Because this is so similar to implementation code, we can use the same structure to load them in our tests. Using Microsoft’s IConfiguration
model and load appsettings.json
files, we can load them with ease. The great thing about this approach is that it allows test environments, so that your test only includes the necessary types to run the test, but includes no information on where the test is run. In the same spirit, we can make sure that the values/secrets returned are different when the tests are run on a local development environment.
This is a great way of configuring your tests and is looked at on a deeper level in this dedicated post.
Temporary test fixture
Closely related to external resources are test fixtures. These are types that needs to be created to set up the necessary environment state for your test to run. This could be as simple as an environment variable and as complex as a filled Azure Table storage — anything that your test needs to run. These fixtures will evolve together with the requirements that your tests need. A test might require a faulty Table storage entry or an invalid environment variable, and your test fixture should be flexible enough to provide the test’s demands.
🚩 Passing null
removes the environment variable.
Because an integration test never comes alone, we should be careful of how test fixtures are torn down. If a test fixture leaves something lingering behind after the integration test is run, it might conflict with the requirements of the next test. xUnit testing paradigm has a great word for this: Interacting Tests. That is why test fixtures are usually temporary fixtures, which means that they revert their change during a disposable action.

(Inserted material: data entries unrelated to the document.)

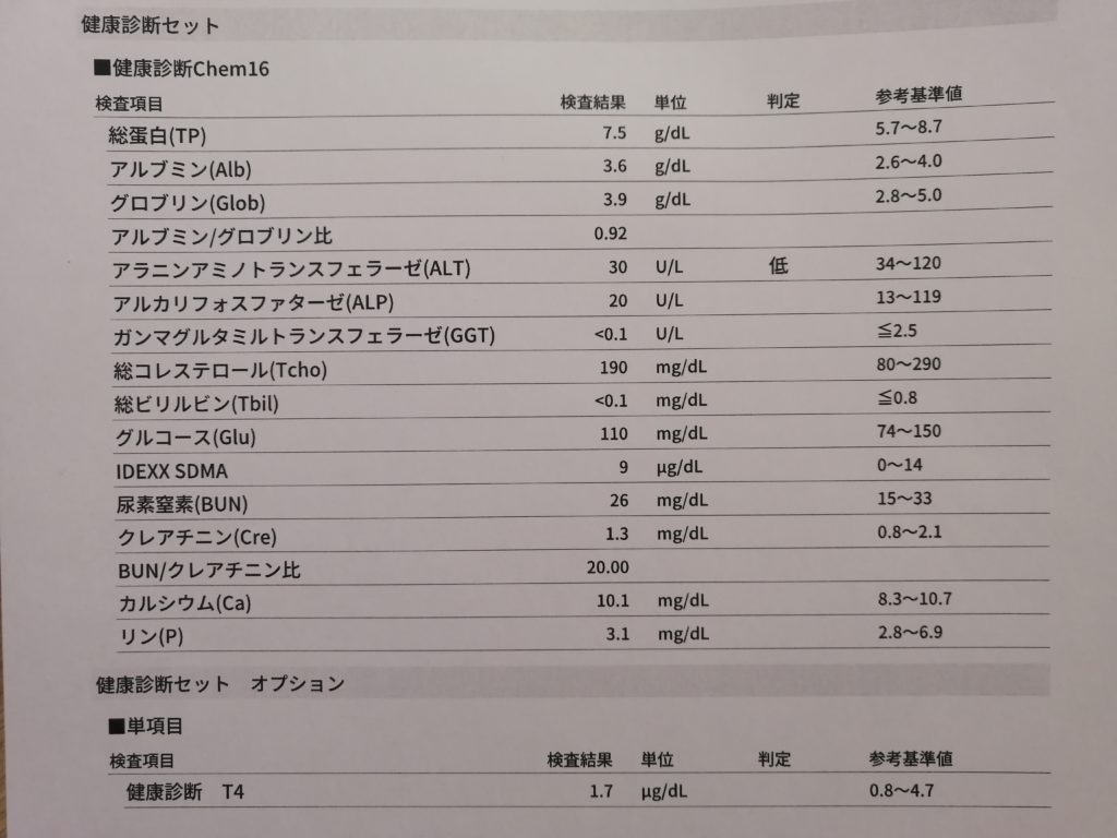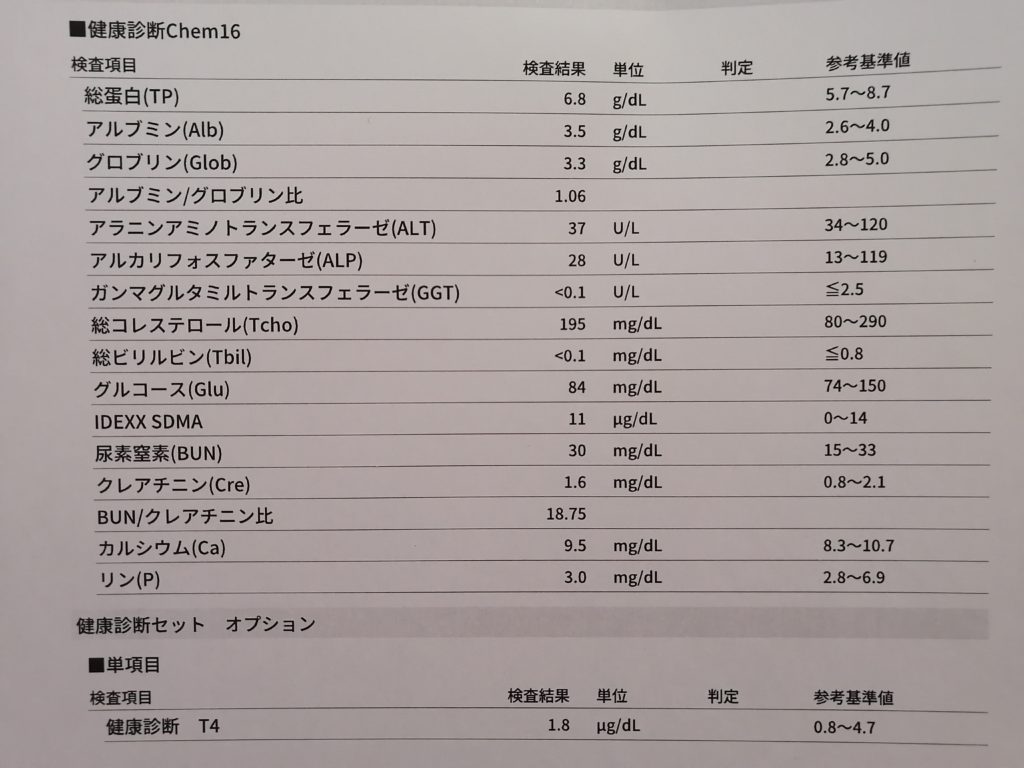 さて今回の健康診断は2匹ともシニア向けの内容で受けてみましたが、結果はこうでした〜!
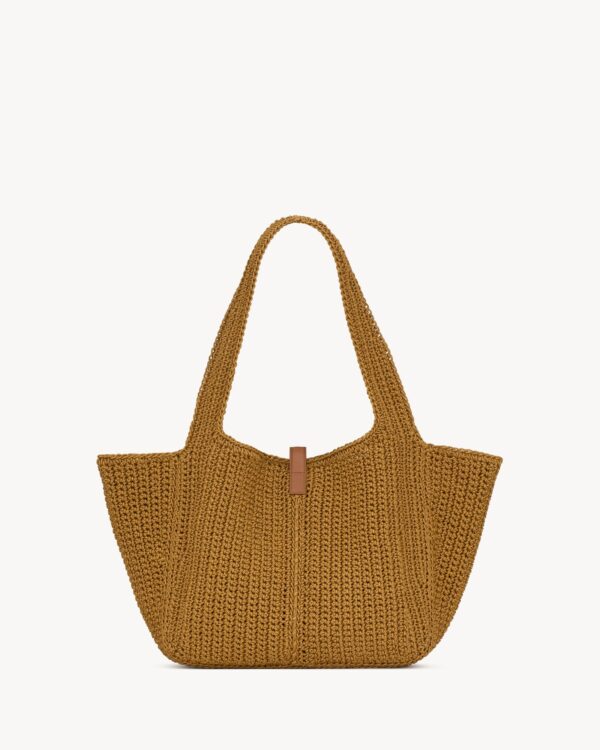 Supple tote in cord, made with certified linen, and vegetable-tanned leather, featuring an inner zip pocket and leather tab closure decorated with the CASSANDRE.
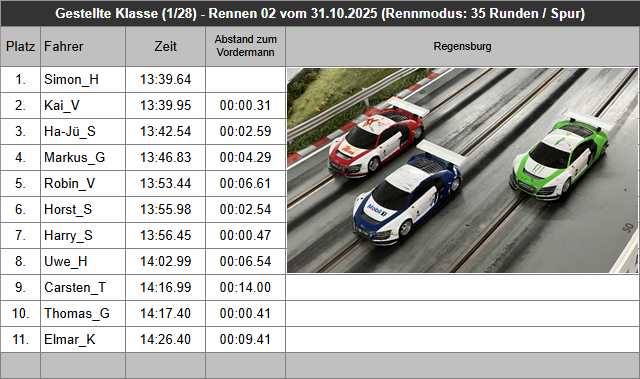 Mit frisch geschliffenen Reifen waren die Boliden der gestellten Klasse am Start. Auch hier lies das Qualifying sämtliche Möglichkeiten für einen Rennsieg für mehrere Fahrer offen. Abflugfreies Fahren war schon immer die Basis für die vorderen Plätze. Das hat Ha-Jü am besten umgesetzt und holt sich nach dem ersten Rennen gleich mal die Führung in der Fahrerwertung. Mit knappen vier Sekunden dahinter war Robin auch nicht schlecht unterwegs und Klaus setzte sich auf den dritten Platz. Ein sehr gutes Rennen ist Frank gefahren und hat sich mit dem sechsten Platz ebenfalls ein tolles Ergebnis geholt.

Test fixtures are usually one of the most reused components in a test suite: take care of them accordingly.
Clean slate & disposable collection
This last pattern is less ‘high-level’ than the two previous ones but is very closely related to disposable actions during integration tests. Once you start disposing of more than a single temporary fixture/state, you are at a point where one disposable action could ruin another action: if one fails to dispose of itself, are the other ones still trying to dispose?
This is a common question that can be easily solved with a ‘disposable collection’. This collection acts as a set of disposable resources and makes sure that each item is disposed of correctly – maybe even with a retry.
An example of such a collection:
👀 Note that we save the exceptions for later and throw them only at the very end, making sure that each disposable action first has the chance to dispose of itself.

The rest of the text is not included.